Among the best voting systems for now, he said, is one in which voters mark paper ballots that are then fed into an optical reader. That system, used in Virginia and other states, allows for an audit of the paper ballots if there are questions about the vote.
It also helps to keep the vote secret. Unlike with online banking, where customers can review their accounts to check on deposits and withdrawals, there would be no way to check that a vote was registered because they are supposed to be secret.
“You can’t call up an election official (or go online) to ask, ‘Can you confirm that I voted for Smith?’ You will have no way of knowing whether your vote was counted correctly,” said Appel’s paper.
Appel also said that while advocates for disabled voters have pushed internet balloting, it would be better to just make it easier to get to the polls than risk the security of ballots.
“One might ask, but suppose we limit internet voting to a smallish class of voters, such as those abroad or those with disabilities? Are we saying that it’s all right if only their thousands of votes are stolen? And there is a slippery slope: once internet voting is normalized for one class of voters, other classes will demand it,” Appel warned.

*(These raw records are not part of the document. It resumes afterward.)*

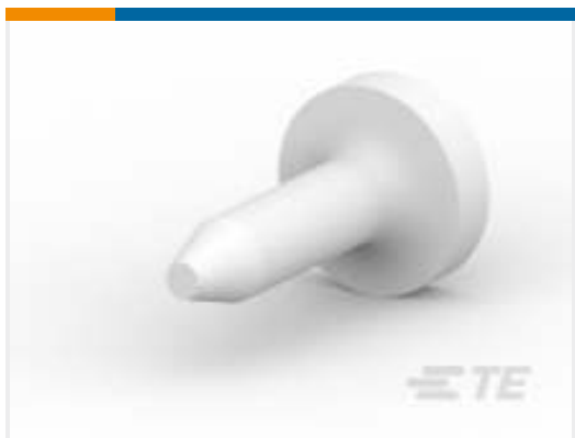
TE Part # 206509-1 SIZE 20 KEYING PLUG
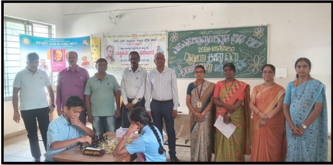
DATE: 29.07.2024, CHESS COMPETITION HELD AT H F KATTIMANI HIGHSCHOOL, HUBBALLI ON OCCASSION OF NATIONAL YOUTH DAY
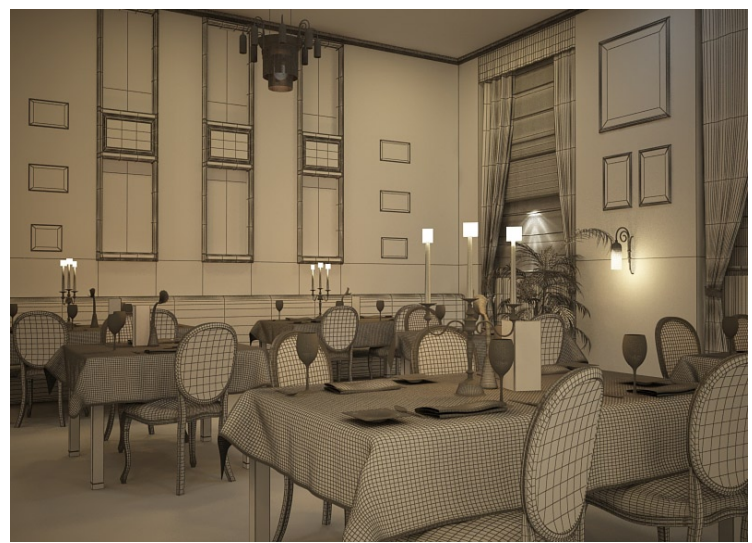
– 09 –

The bottom line, he concluded: “In this new era where many voters are suspicious of the integrity of elections, we must run elections with as much transparency and integrity as we can. In the current state of scientific knowledge in the field of election security, that means paper ballots directly marked by the voter and recountable by hand. In the realm of public trust, that also means paper ballots directly marked by the voter and recountable by hand.”